My team is migrating several different DynamoDB tables into a set of two DynamoDB tables. Essentially we're changing the model and consolidating a lot of the data into just two tables (right now it's spread across 6).

We were considering using DynamoDB streams and having those trigger a Lambda that deals with the logic of triggering some API that writes to the new tables. However, I am trying to figure out how to deal with the old data as well, since we'll have to migrate everything already in the table to the new tables also.
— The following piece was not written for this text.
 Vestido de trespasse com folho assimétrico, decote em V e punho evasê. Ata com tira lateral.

I'm guessing one option is to have something running that scans every item in the DynamoDB table (there's around 100 million in some), and for each, call the same API that the Lambda was calling to have the new table written to. However, I'm not sure how that scan of the old table handles when we also have new records being written to old table pretty regularly during the migration.
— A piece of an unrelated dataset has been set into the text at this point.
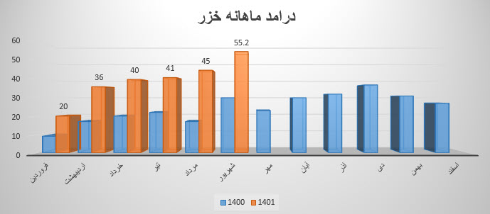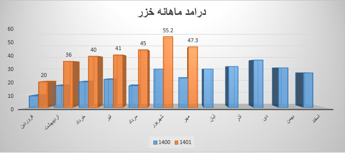 سهم خزر نسبت به دوره 1 ماهه مشابه سال قبل 82% افزایش درآمد داشته است.

Does anyone have some advice on doing such a migration and keeping things in sync?

Thanks!

1

1 Answers

4
votes

Streams & lambda are a good solution (by Abhaya Chauhan)...
(also a video on pluralsight)

In this situation, try leveraging DynamoDB Streams and AWS Lambda to remodel data as needed.

A nice way to restructure your table definition is to leverage DynamoDB triggers, following these steps:

  1. Create a new table (let us call this NewTable), with the desired key structure, LSIs, GSIs.

  2. Enable DynamoDB Streams on the original table

  3. Associate a Lambda to the Stream, which pushes the record into NewTable. (This Lambda should trim off the migration flag in Step 5)
  4. [Optional] Create a GSI on the original table to speed up scanning items. Ensure this GSI only has attributes: Primary Key, and Migrated (See Step 5).
  5. Scan the GSI created in the previous step (or entire table) and use the following Filter: FilterExpression = "attribute_not_exists(Migrated)" Update each item in the table with a migrate flag (ie: “Migrated”: { “S”: “0” }, which sends it to the DynamoDB Streams (using UpdateItem API, to ensure no data loss occurs).

NOTE You may want to increase write capacity units on the table during the updates.

  1. The Lambda will pick up all items, trim off the Migrated flag and push it into NewTable.
  2. Once all items have been migrated, repoint the code to the new table
  3. Remove original table, and Lambda function once happy all is good.